Data excerpts
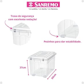 Kit 3 Caixa Alta Organizadora Brinquedo Objeto 56l Sanremo Kit 3 Caixas Altas Organizadoras 56,1 Litros Sanremo - Organização e Espaço para Suas Necessidades A Caixa Alta Organizadora 56,1 Litros Sanremo é a solução perfeita para quem busca praticidade e eficiência na organização dos espaços. Com um design moderno e funcional, esta caixa organizadora é ideal para armazenar uma variedade de itens, mantendo tudo em ordem e facilmente acessível. Características Principais Capacidade Generosa: Com uma capacidade de 56,1 litros, a caixa oferece amplo espaço para armazenar diversos tipos de objetos, desde roupas e brinquedos até ferramentas e materiais de escritório. Material Durável: Fabricada em polipropileno de alta qualidade, a caixa é resistente e durável, suportando o uso diário e protegendo os itens armazenados. Transparência Prática: A caixa possui um corpo transparente, permitindo visualizar o conteúdo sem a necessidade de abrir a tampa, facilitando a identificação rápida dos itens. Tampa Segura: A tampa possui um encaixe perfeito e firme, garantindo que os itens fiquem protegidos contra poeira e umidade. As travas laterais adicionais proporcionam segurança extra. Design Empilhável: Projetada para ser empilhável, a caixa permite otimizar o espaço de armazenamento, mantendo tudo organizado e economizando espaço. Alças Integradas: As alças laterais facilitam o transporte, mesmo quando a caixa está cheia, garantindo praticidade no manuseio. Benefícios Adicionais Versatilidade de Uso: Ideal para uso em casa, no escritório, em garagens ou áreas de serviço, a caixa organizadora é versátil e atende a diversas necessidades de organização. Fácil de Limpar: O material de polipropileno é fácil de limpar, permitindo que a caixa mantenha sua aparência nova e higiênica por mais tempo. Estilo Moderno: Com um design clean e moderno, a caixa se integra bem em qualquer ambiente, seja ele residencial ou comercial. Ideal Para Organização Residencial: Perfeita para organizar roupas sazonais, brinquedos, utensílios domésticos e muito mais. Uso em Escritórios: Ideal para armazenar materiais de escritório, documentos e outros suprimentos, mantendo o ambiente de trabalho ordenado. Armazenamento em Garagens e Oficinas: Excelente para guardar ferramentas, equipamentos e peças, facilitando o acesso e a organização. Especificações Técnicas Dimensões: 59cm x 57cm x 41cm Peso: 1,600kg Capacidade: 56,1 litros Material: Polipropileno de alta qualidade Cor: Transparente Período de : 30 dias A Caixa Alta Organizadora 56,1 litros Sanremo é a escolha ideal para quem busca organizar o espaço de forma prática e eficiente. Com sua capacidade generosa, durabilidade e design funcional, ela facilita a vida cotidiana, mantendo tudo em ordem e ao seu alcance. Invista na organização e na qualidade com a Caixa Alta Organizadora Sanremo e transforme o seu espaço em um ambiente mais prático e organizado. Conteúdo da Embalagem: 3 Caixas Alta Organizadora 56,1 litros A caixa pode ser Utilizado em ambientes externos A caixa é ideal para uso em ambientes internos. Se for utilizada em ambientes externos, recomenda-se protegê-la de exposição direta ao sol e à chuva para prolongar sua durabilidade. A caixa é adequada para armazenar alimentos não, a caixa não é recomendada para armazenar alimentos, pois não possui certificação para contato com alimentos. É ideal para armazenar itens domésticos, de escritório, ferramentas, entre outros. A caixa é empilhável sim, a caixa foi projetada para ser empilhável, permitindo otimizar o espaço de armazenamento e mantendo tudo organizado.
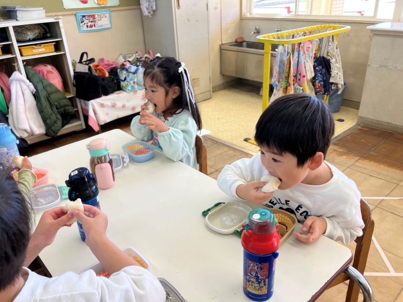 教室では、つきたてのお餅をみんなでおいしくいただき、
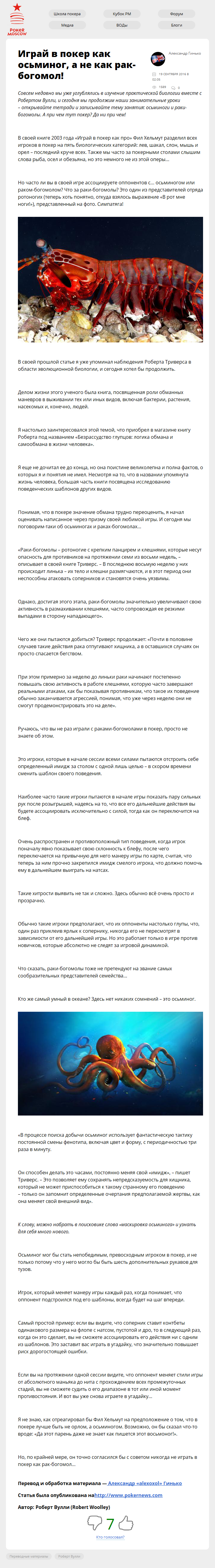 Совсем недавно мы уже углублялись в изучение практической биологии вместе с Робертом Вулли, и сегодня мы продолжим наши занимательные уроки – открывайте тетради и записывайте тему занятия: осьминоги и раки-богомолы. А при чем тут покер? Да ни при чем!
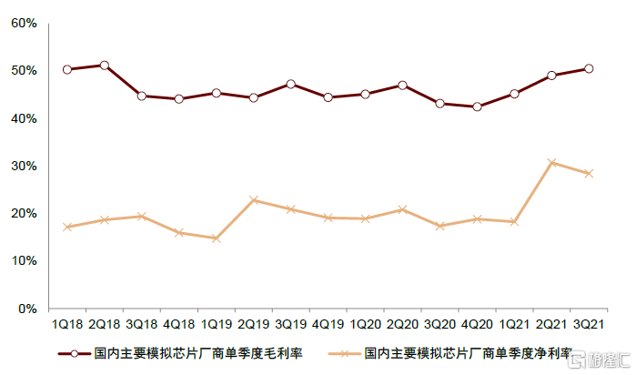圖表:國內主要模擬芯片廠商單季度利潤率
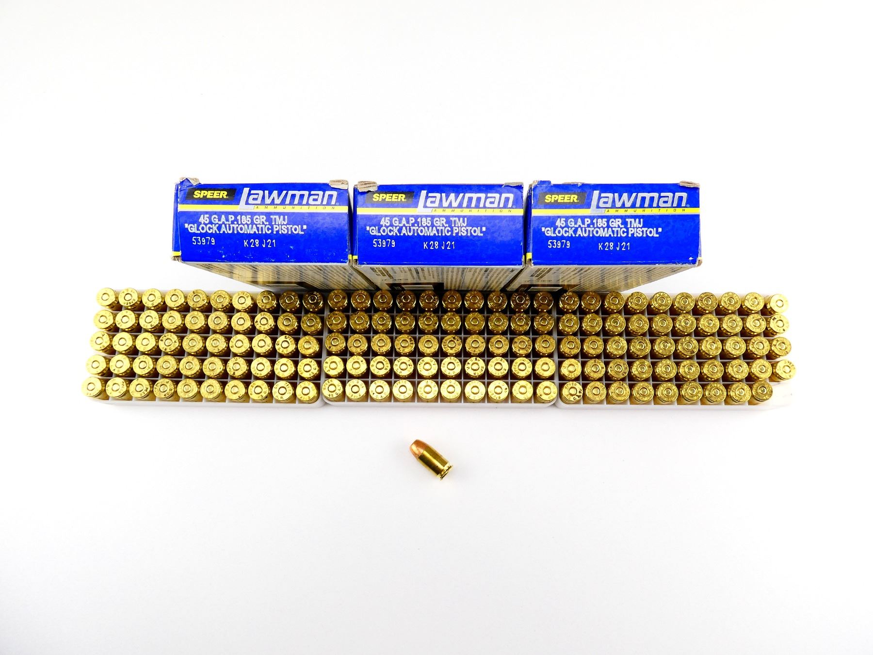 LOT INCLUDES; APPROX. (150) RNDS, 185 GRNS (STATED ON BOXES NOT CONFIRMED), TMJ, FOR "GLOCK AUTOMATIC PISTOL".
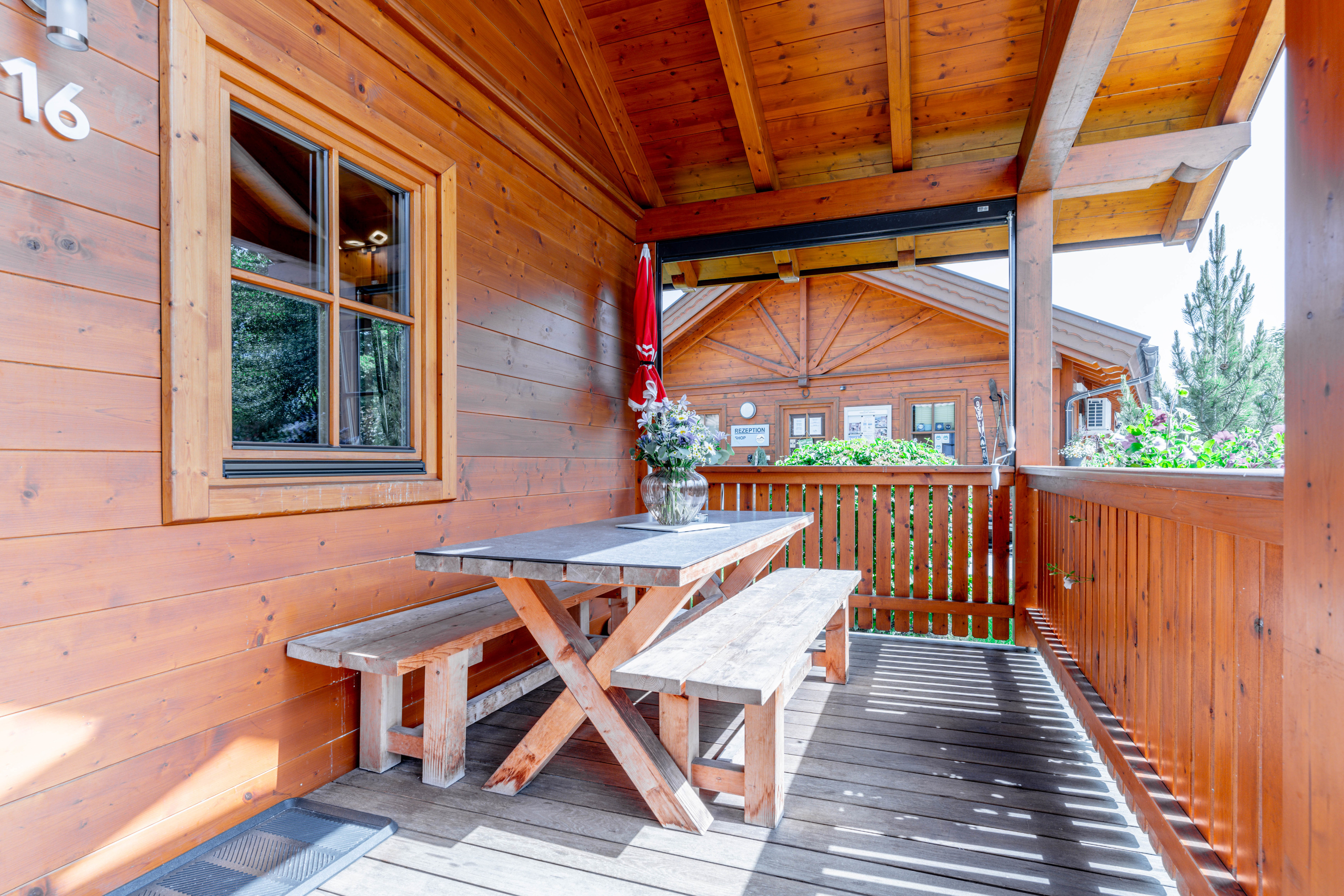 Die Veranda ist versperrbar, der Abstellraum ist mit einem Skischuhwärmer ausgestattet.
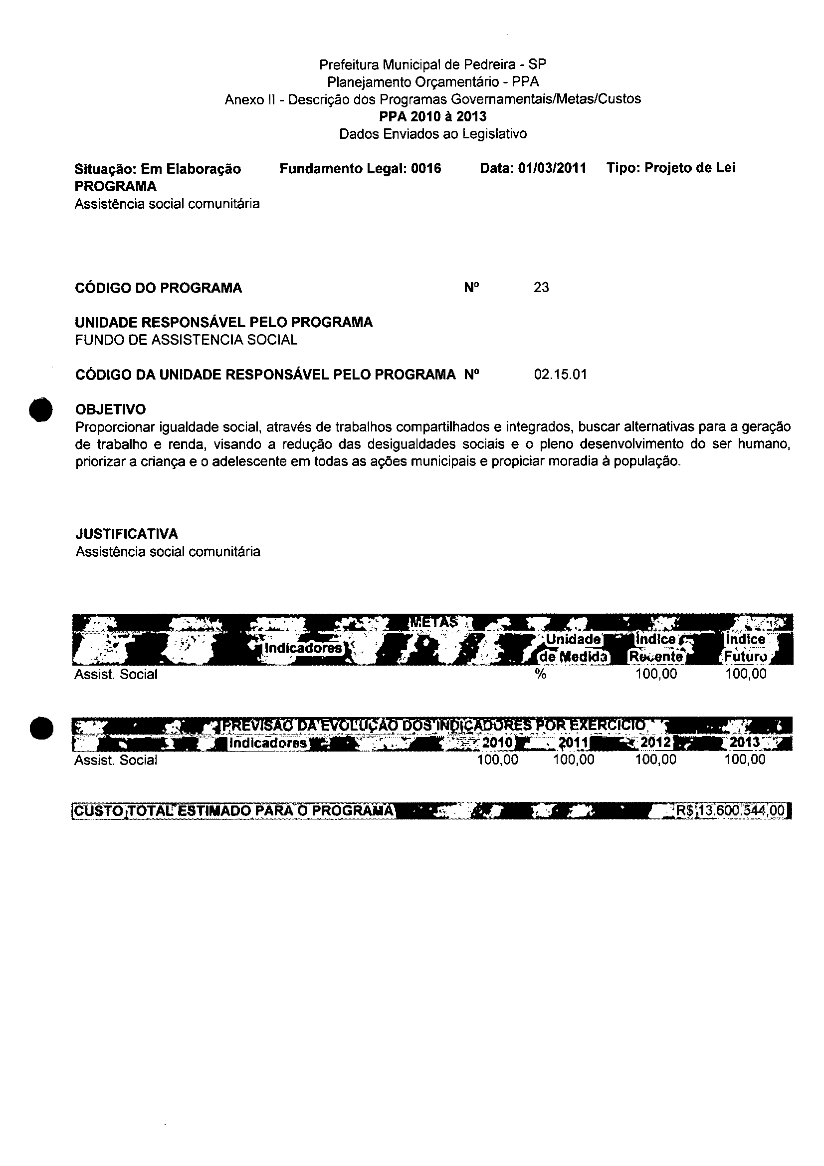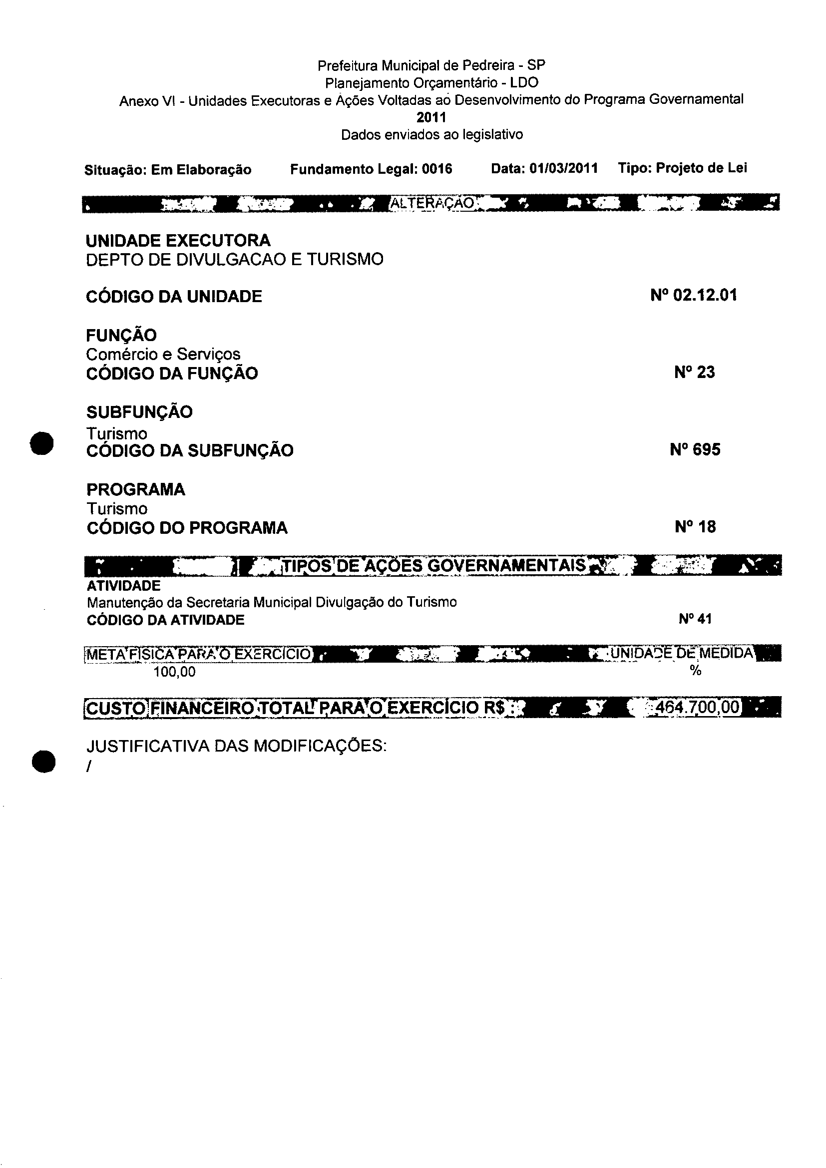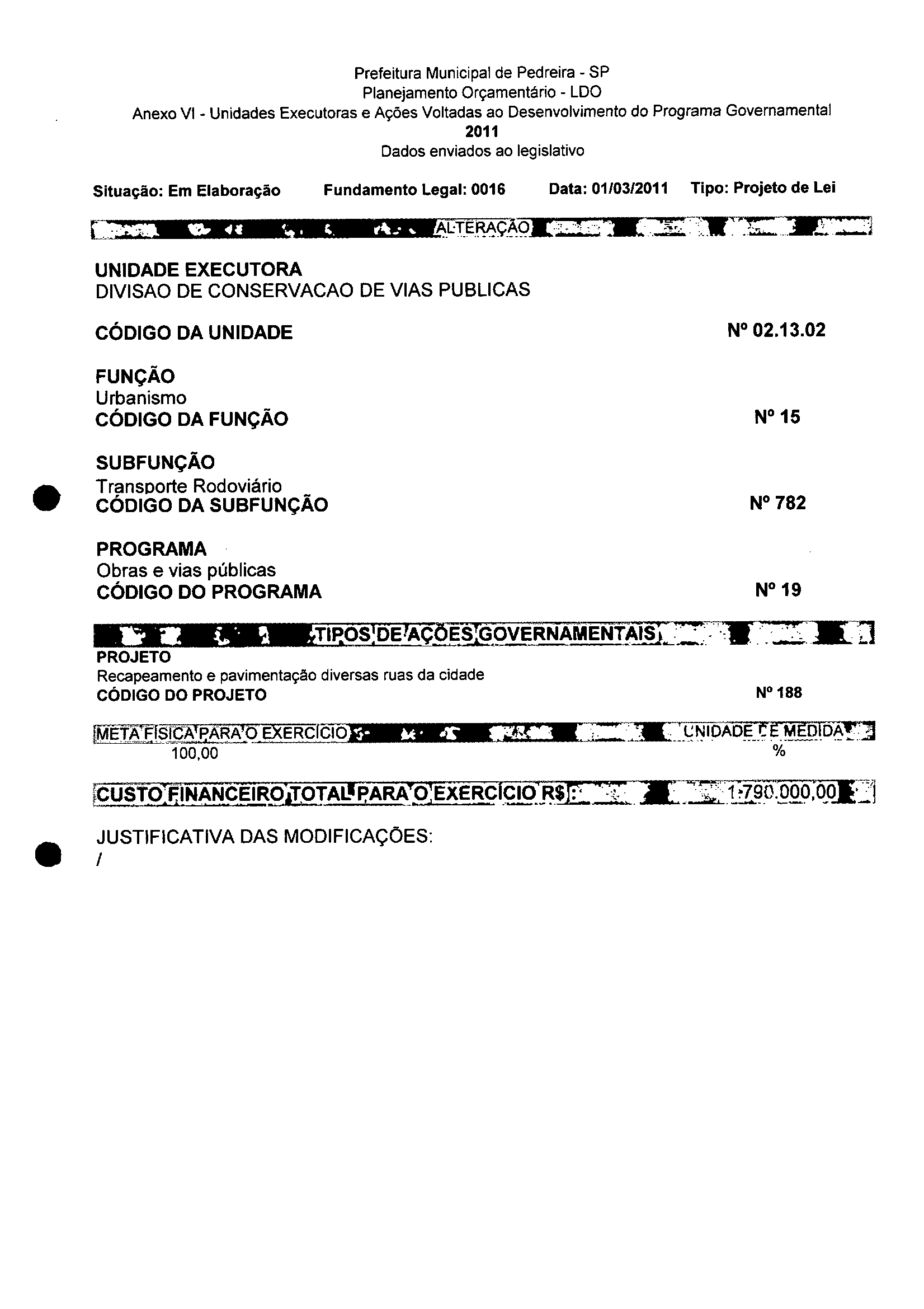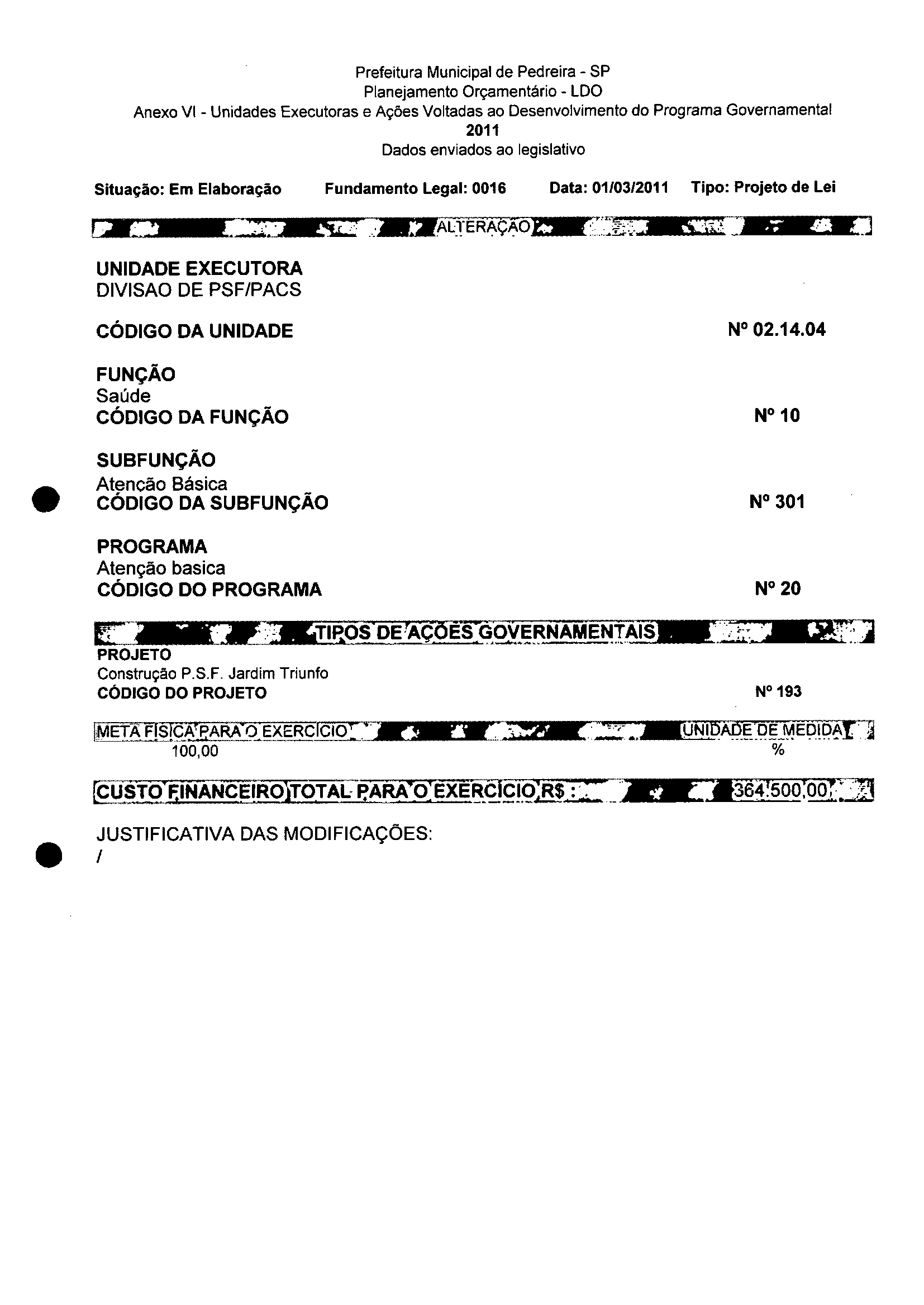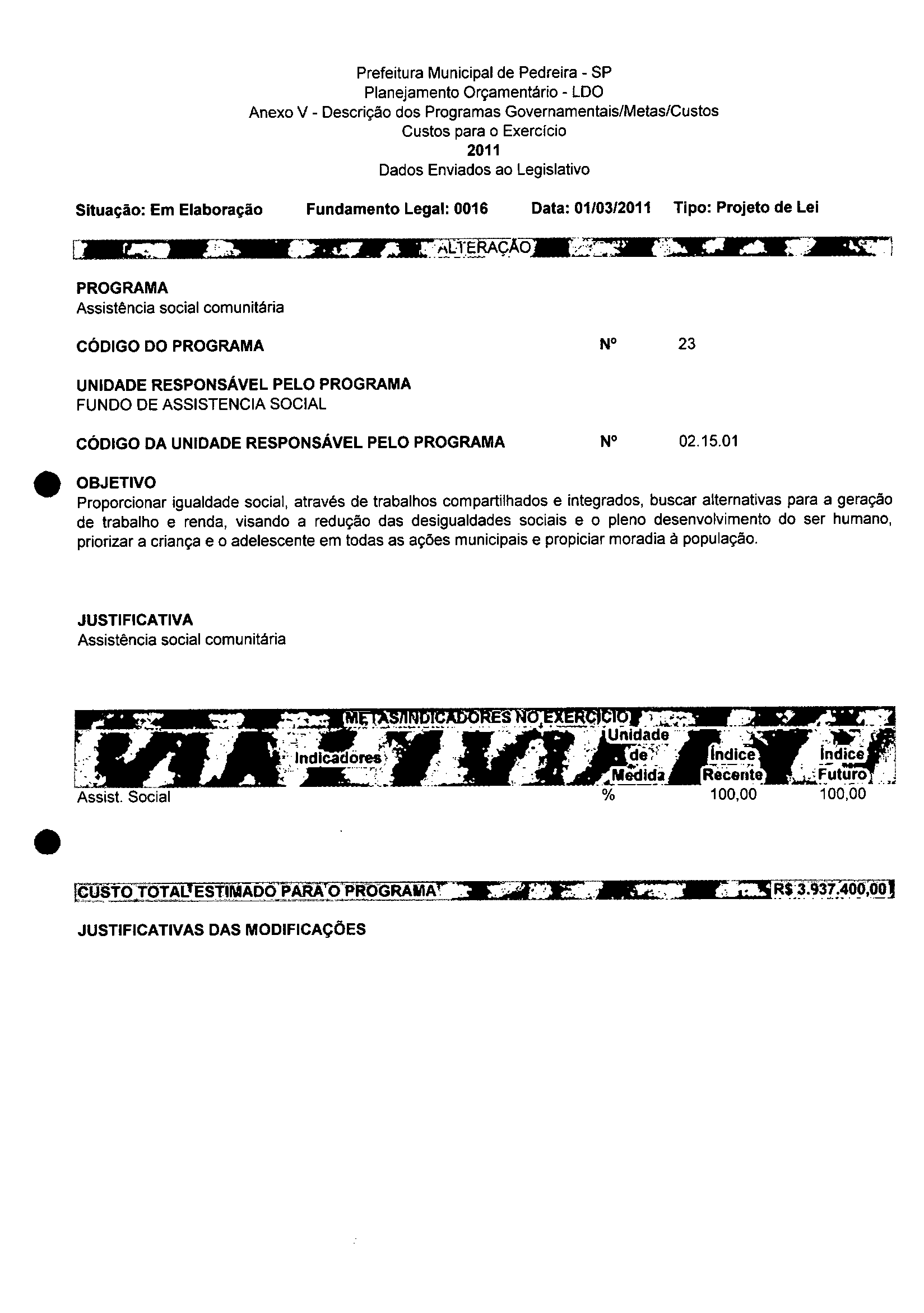 Ementa: Dispõe sobre a alteração dos anexos II e III -da Lei nº 2.977, de 5 de novembro de 2009 -Plano Plurianual para o Quadriênio de 2010/2013 e a alteração dos anexos " V e VI - da Lei nº 3.040, de 10 de junho de 2010 -Lei de Diretrizes Orçamentárias para o exercício de 2011.

* Work to be completed: Only an exact copy belongs in the answer: the lines from the one containing "圖表:國內主要模擬芯片廠商單季度利潤率" through the end of the records, both ends included, minus the pictures.

* Reply:
圖表:國內主要模擬芯片廠商單季度利潤率
 LOT INCLUDES; APPROX. (150) RNDS, 185 GRNS (STATED ON BOXES NOT CONFIRMED), TMJ, FOR "GLOCK AUTOMATIC PISTOL".
 Die Veranda ist versperrbar, der Abstellraum ist mit einem Skischuhwärmer ausgestattet.
 Ementa: Dispõe sobre a alteração dos anexos II e III -da Lei nº 2.977, de 5 de novembro de 2009 -Plano Plurianual para o Quadriênio de 2010/2013 e a alteração dos anexos " V e VI - da Lei nº 3.040, de 10 de junho de 2010 -Lei de Diretrizes Orçamentárias para o exercício de 2011.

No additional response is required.